Это юное Солнце, как самый последний мятежник,
Приближалось к ступеням с другой стороны эшафота,
Непрямые лучи обнажая в упрямом замахе,
Как протянутый крест – по законам, навек сбереженным…
И стрельцы забубенные головы клали на плахи,
Словно из темноты на подушки к возлюбленным женам,
Словно из темноты… Но темно было только вначале:
Если нам не забыть, так хотя бы не думать об этом!
И румяные вдовы христосовались с палачами,
И голодные псы любовались безумным рассветом
В обезглавленном горе, как чьи-то тела, изувеченном,
В этой страшной эпохе убитых теней и надежд…
И стрельцы уходили.
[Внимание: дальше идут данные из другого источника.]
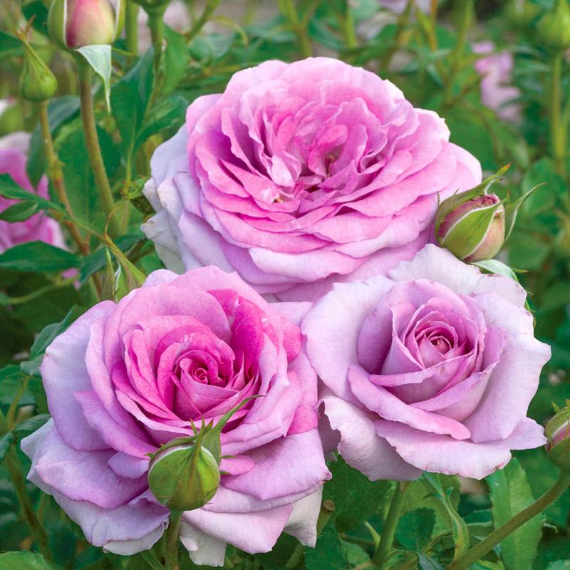 A stunning floribunda rose named for the iconic Lady Violet of Downton Abbey. Its lavender-mauve blooms are accented with magenta centers and a strong grapefruit and spice fragrance. ‘Violet’s Pride’ blooms continuously on a compact, disease-resistant plant perfect for borders or containers.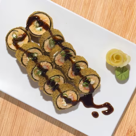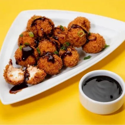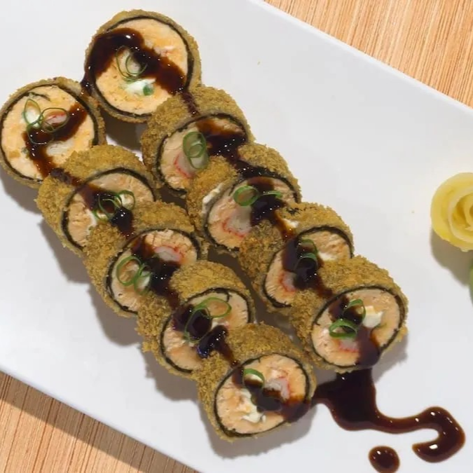 Deliciosa porção de bolinhas de salmão empanadas na farinha panko e recheadas com cream cheese e molho a sua escolha. Vai bem como acompanhamento de qualquer prato.

И Солнце – огромное, вечное,
Одинокое Солнце начинало последний мятеж.
* * *
Сегодня опять под прицелом оттаявших век
Другая зима – та, которую я не увижу:
Сиренево-нежные тени ложатся на снег,
Сиренево-нежные тени становятся ближе,
Как вызов другим, приходящим зачем-то извне,
Как жизнь или смерть, начиная движенье по кругу…
Сиренево-нежные тени видны в тишине,
Сиренево-нежные тени понятны друг другу,
О чем-то земном и несбывшемся мне говоря,
Луч света в заснеженных окнах конца декабря,
Знак свыше – в морозы седые, как в сонную пристань…
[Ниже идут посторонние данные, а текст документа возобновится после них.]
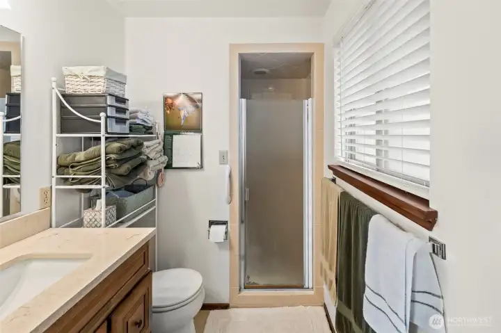 Beautiful custom built home in one of North Tacomas most desirable neighborhoods. Main floor level has three bedrooms two bathrooms, kitchen, living room with gas fireplace, dining room and utility room. Primary bedroom has three quarter bath and walk-in-closet. All new windows throughout. Large daylight dry basement with tall ceilings is plumbed for a third bathroom. New exterior paint and sewer line was replaced by the prior owner. Gas forced air and air conditioning. Huge enclosed flat backyard with covered patio and sprinkler system in front and backyard.

И что на просторах немыслимых значат слова,
Когда на сугробах сирень, а в глазах – синева,
И мысли звучат, и зовущее небо так близко?
* * *
Желания всегда важнее слов:
Ты хочешь не услышать звук шагов
Твоей далекой призрачной охраны,
Не гневаться, не кривить нежный рот…
Зачем же притворяться, донна Анна?
Ведь командор, похоже, не придет…
* * *
Покрыты серебром земные муки,
Исчислены удары и грехи,
Омыты и до крови стерты руки,
Пока допели третьи петухи,
Ни новых жертв, ни древнего напева
Алтарь земных богов уже не ждет,
Дрожит осина – проклятое древо,
Которое сгубил Искариот,
Пуста нора – дом идолам старинным,
Обитель иудейскому царю,
И Бог-Отец впервые с Богом-Сыном
Встречает все простившую зарю.
Все кончено.
Величье Рима свято.
Бог милосерден.
Ненависть мертва.
Так почему ты плачешь, прокуратор,
О маленьком смешном Иешуа?
* * *
Пусть слова мои не разобьются о вечные камни те,
Где прыжки водопадов, и руки – ладонями вниз…
Не останься в моей обесцвеченной холодом памяти
И в других возродись,
Пусть тебя не заметят, мгновенный упрек твоего лица
В мыслях не удержав,
Пусть другим из живущих уже никогда не запомнится
Злой восторг мятежа,
Пусть твое пораженье поможет в отчаянной вере нам,
Пусть молитва моя не вернется к началу пути!
Ты ее среди тысяч других не узнаешь, наверное,
Господи!
* * *
Опять издалека иду на "Вы".
Один из нас в разлуке жить не может.
Всё та же грусть – одна для нас двоих,
И, может быть, уже не надо больше
И тише – ведь зачем-то так близка
Та сторона, откуда дует ветер...
Один из нас всегда письмо писал,
Хотя не думал, что ему ответят,
Писал, а расстоянья шли за ним,
Его слова переводя на шёпот.
Один из нас придумал псевдоним,
Хоть это слово и не подошло бы
К стихам, к судьбе и к выраженью глаз
(Я – просто князь, а ты – Царевна-Лебедь)...
Один из нас, опять один из нас,
С высоких слов переходя на лепет
О важных и торжественных вещах,
Которым счёта нет, и смысла – тоже,
Один из нас предпочитал молчать,
Хоть был уверен, что молчать не сможет.
Слова на ветер – как упрёк судьбе.
Ты не ругай за слишком нервный почерк...
А кроме писем я пришлю тебе
Всё ту же грусть – по лебединой почте.